Мы заметили, что рассматриваемый уединенно трудовой процесс быстро и легко делается автономным механическим действием, не включенным в общий поток психологической жизни, чем-то подобным ходьбе или дыханию. Он отражается на психике только травматически, но не конструктивно, и поэтому его участие в образовании новых общественных мотиваций совершенно ничтожно.
Такой закон представился нам несомненным, во всяком случае по отношению к неквалифицированному труду, какого тогда очень много было в колонии. В то время самообслуживание было очередной педагогической панацеей.
Ничтожное мотивационное значение работ по самообслуживанию, значительная утомляемость, слабое интеллектуальное содержание работы уже в самые первые месяцы разрушили нашу веру в самообслуживание. По своей бедности, правда, наша колония еще долго его практиковала, но наши педагогические взоры уже не обращались на него с надеждой. Мы тогда решили, что очень бедный комплекс побуждений к простому труду прежде всего определяет его моральную нейтральность.
В поисках более сложных побуждений мы обратились к мастерским. К концу первого года в колонии были кузнечная, столярная, сапожная, колесная и корзиночная мастерские. Все они были плохо оборудованы и представляли собою первоначальные кустарные примитивы. Работа в мастерских оказалась более деятельным фактором в деле образования новых мотиваций поведения. Самый процесс труда в мастерских более ограничен: он составляется из последовательных моментов развития и, стало быть, имеет свою внутреннюю логику. Ремесленный труд, связанный с более заметной ответственностью, в то же время приводит к более очевидным явлениям ценности. В то же время ремесленный труд дает основания для возникновения группы мотиваций, связанных с будущим колонистов.

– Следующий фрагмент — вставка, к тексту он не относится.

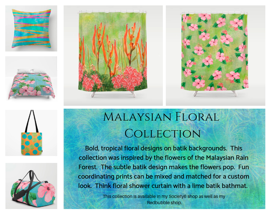 Here is the Malaysian Floral Collection. This was inspired by the tropical flowers of the Rain Forest. The backgrounds have a subtle batik appearance to give the textiles interest and texture. The hibiscus blossoms and other tropical flowers add some warm colors for an island feel.

Однако средний тип мотивационного эффекта в результате ремесленного обучения оказался очень невзрачным. Мы увидели, что узкая область ремесла дает, правда, нечто, заменяющее антисоциальные привычки наших воспитанников, но дает совершенно не то, что нам нужно. Движение воспитанника направлялось к пункту, всем хорошо известному: довольно несимпатичному типу нашего ремесленника. Его атрибуты: большая самоуверенность в суждениях, соединенная с полным невежеством, очень дурной, бедный язык и короткая мысль, мелкобуржуазные идеальчики кустарной мастерской, мелкая зависть и неприязнь к коллеге, привычка потрафлять заказчику, очень слабое ощущение социальных связей, грубое и глупое отношение к детям и к женщине и, наконец, как завершение, чисто религиозное отношение к ритуалу выпивки и к застольному пустословию.
Зачатки всех этих качеств мы очень рано стали наблюдать у наших сапожников, столяров, кузнецов.
Как только мальчик начинал квалифицироваться, как только он основательно прикреплялся к своему верстаку, он уже делался и в меньшей мере коммунаром.
Интересно, что в очень многих колониях, строивших свой мотивационный баланс на ремесле, я всегда наблюдал один и тот же результат. Именно такие ребята, сапожники в душе, винопийцы, украшенные чубами и цигарками, выходят их этих колоний и вносят мелкобуржуазные, вздорные и невежественные начала в жизнь нашей рабочей молодежи.
Бедный по своему социальному содержанию, ремесленный труд становился в наших глазах плохой дорогой коммунистического воспитания. В начале второго года выяснилось, что воспитанники, не работавшие в мастерских или работавшие в них временами, а исполняющие общие и сельскохозяйственные работы, в социально-моральном отношении стоят впереди «мастеровых». Нужно небольшое усилие с нашей стороны, чтобы увидеть: улучшение морального состояния отдельных групп воспитанников происходит параллельно развитию хозяйства и внедрению коллектива в управление этим хозяйством.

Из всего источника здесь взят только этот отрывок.